Tenstorrent連載第2回「BlackholeでLLMを動かす：ソフトウェア導入からLlama3.1 8B推論まで」｜技術ブログ

新興テクノロジー

2026.06.25

皆さまこんにちは。SB C&Sの下山です。

連載第1回前回記事ではTenstorrent社、そしてTensixコア・アーキテクチャの概要についてお話しさせていただきました。
そこで、2回目となる本記事では、実際にソフトウェアスタックや周辺ツールのインストールとLLMモデルを動作させるまでの手順を追っていきたいと思います。
なお、本記事の内容は以下で公開されているドキュメントをベースにして作成されました。

Installing the Tenstorrent Software Stack

Running Model Demos

tt-metal/models/tt_transformers

今回記事では引き続き、Tenstorrent様からお借りしたBlackhole世代のP150カードを使用します。

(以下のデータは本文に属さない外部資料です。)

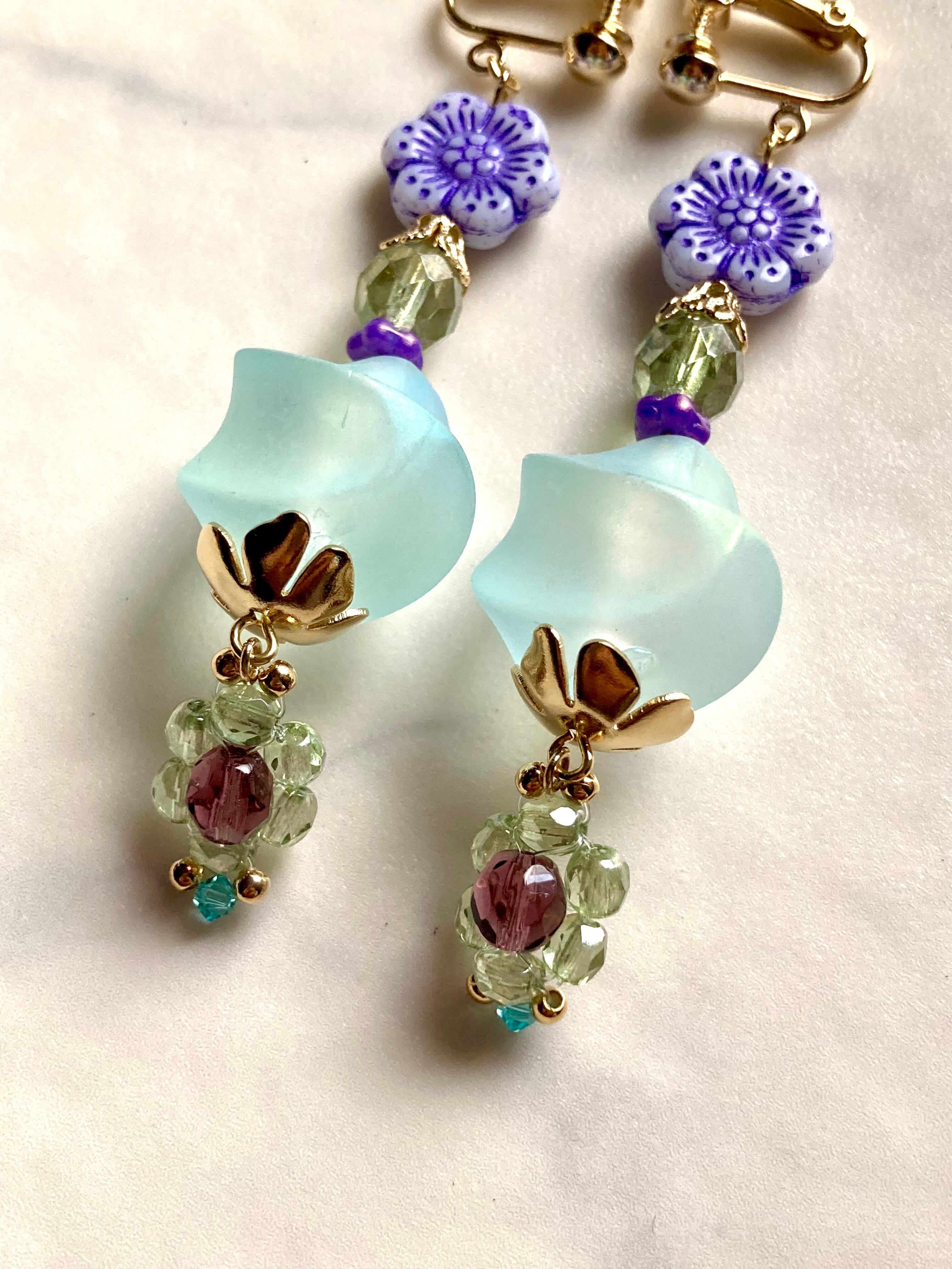 素材:チェコ硝子ビーズ、日本製アクリルビーズなど

以降、本記事ではアクセラレータボードをP150カードと表記します。

Tenstorrentソフトウェアスタックのインストール

前回の記事でも大まかに触れましたが、Tenstorrentのソフトウェアスタックは、コンパイラであるTT-Forge、ライブラリであるTT-NN、SDKであるTT-Metaliumから構成されています。これらをインストールする方法には、tt-installerと呼ばれるスクリプトを使用する方法と、各コンポーネントを個別にインストールする方法の2通りがあります。

tt-installerをオプションの引数指定なしで使用すると、コンテナランタイムとしてPodmanが導入されます。そのため、コンテナランタイムとしてDockerを使用したい場合や、tt-installerによって導入されるソフトウェア一式が不要な場合は、後述の手順に従って手動インストールを行うとよいでしょう。

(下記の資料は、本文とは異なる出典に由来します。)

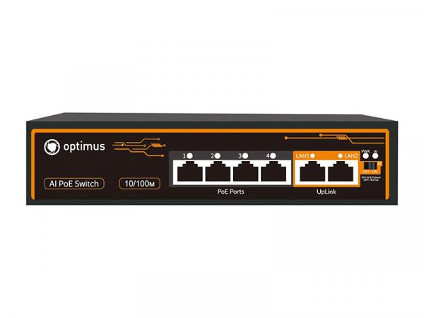 Коммутатор неуправляемый PoE Optimus U1I-4F/2F — купить для систем видеонаблюдения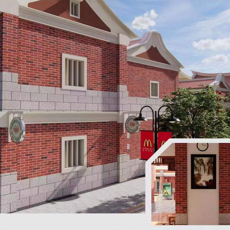 Красная ретро уличная антикварная вилла, ископаемые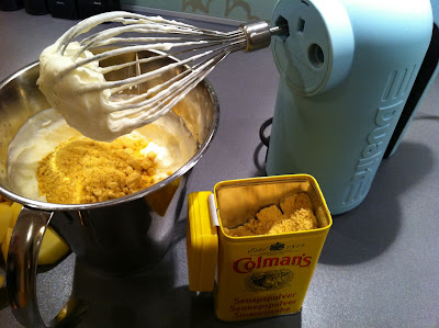 5. Senapsmousse: Vispa upp grädden med sockret. Blanda i resten av ingredienserna. Låt stå och dra en stund i kylen. Vid servering, doppa en matsked i varmvatten. Forma små ägg av moussen, lägg över köttet.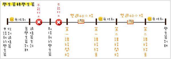 若目前為打工度假簽,在申請學生簽後,會先收到過橋簽證A (Bridging Visa A)。因當時仍持有打工簽,所以打工時數無限制。而在打工簽證過期後,先前收到的過橋簽A就會生效,而過橋簽通常是延續前一個簽證的條件,所以持有過橋A期間,打工仍是無限制!(然而學生簽生效後,就不得從事任何工作,直到第一個課程開始後,才能雙週打工40小時喔!)

tt-installerでは、以下のソフトウェアがホストに導入されます。

・SDKコンテナ　・カーネルモードドライバ　・ファームウェア　

・FWユーティリティ

他、システムツールなど。

tt-installerを用いた自動インストール

GitHub上で公開されているtt-installerを使用しますが、スクリプトはjqとcurlに依存してるため実行前にこれらを導入しておきます。

sudo apt update && sudo apt install -y curl jq

続いてtt-installer本体を実行します。

/bin/bash -c "$(curl -fsSL https://github.com/tenstorrent/tt-installer/releases/latest/download/install.sh)"

①tt-installerスクリプトの実行

スクリプトを実行すると画像の内容が出力され、インストールを続行するかを確認されます。
Yを押下し手順を進めましょう。

②TT-Metalium Slimコンテナの導入

/bin/bash -c "$(curl -fsSL https://github.com/tenstorrent/tt-installer/releases/latest/download/install.sh)"

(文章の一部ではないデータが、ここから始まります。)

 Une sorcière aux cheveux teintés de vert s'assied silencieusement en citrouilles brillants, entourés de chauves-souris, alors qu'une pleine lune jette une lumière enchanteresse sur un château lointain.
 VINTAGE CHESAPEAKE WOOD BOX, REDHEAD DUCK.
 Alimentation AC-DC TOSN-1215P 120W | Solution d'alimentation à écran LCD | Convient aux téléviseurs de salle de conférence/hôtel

tt-installerは続いて、TT-Metalium Slimコンテナを導入するかを確認してきます。必要に応じてY/Nを選択しましょう。

※TT-Metalium Slimコンテナには、SDKに相当するTT-Metaliumと、ライブラリ等に相当するTT-NNが同梱されています。なお、別途構成済みのコンテナからTenstorrentデバイスを利用する場合などは、TT-Metalium Slimコンテナが不要となる場合もあります。

■tt-installerの挙動について

オプション引数を指定せずにスクリプトを実行した場合、tt-installerはコンテナランタイムとしてPodmanを新たにインストールしようとします。DockerまたはPodmanがすでにインストールされている場合など、tt-installerによるPodmanの導入を望まない場合は、"--install-container-runtime=no"を指定してtt-installerを実行してください。

③TT-Metaliumモデルデモコンテナの導入

[INFO] Would you like to install the TT-Metalium Model Demos container?
[INFO] This container is best for users who need more TT-Metalium functionality, such as running prebuilt models, but it's large (10GB)
Install Metalium Models [Y/n] 

TT-Metaliumモデルデモコンテナを導入する場合、Yを押下します。
TT-Metalium Slimコンテナの場合と同様に、モデルのデモが必要ない場合はこのコンテナは導入しなくても構いません。

④Pythonパッケージの導入

[INFO] How would you like to install Python packages?
1) active-venv: Use the active virtual environment
2) new-venv: [DEFAULT] Create a new Python virtual environment (venv) at /home/$USER/.tenstorrent-venv
3) system-python: Use the system pathing, available for multiple users. *** NOT RECOMMENDED UNLESS YOU ARE SURE ***
4) pipx: Use pipx for isolated package installation
Enter your choice (1-4) or press enter for default (new-venv): 

P150カードに関連するソフトウェアをどのPython実行環境上に導入するかを選択します。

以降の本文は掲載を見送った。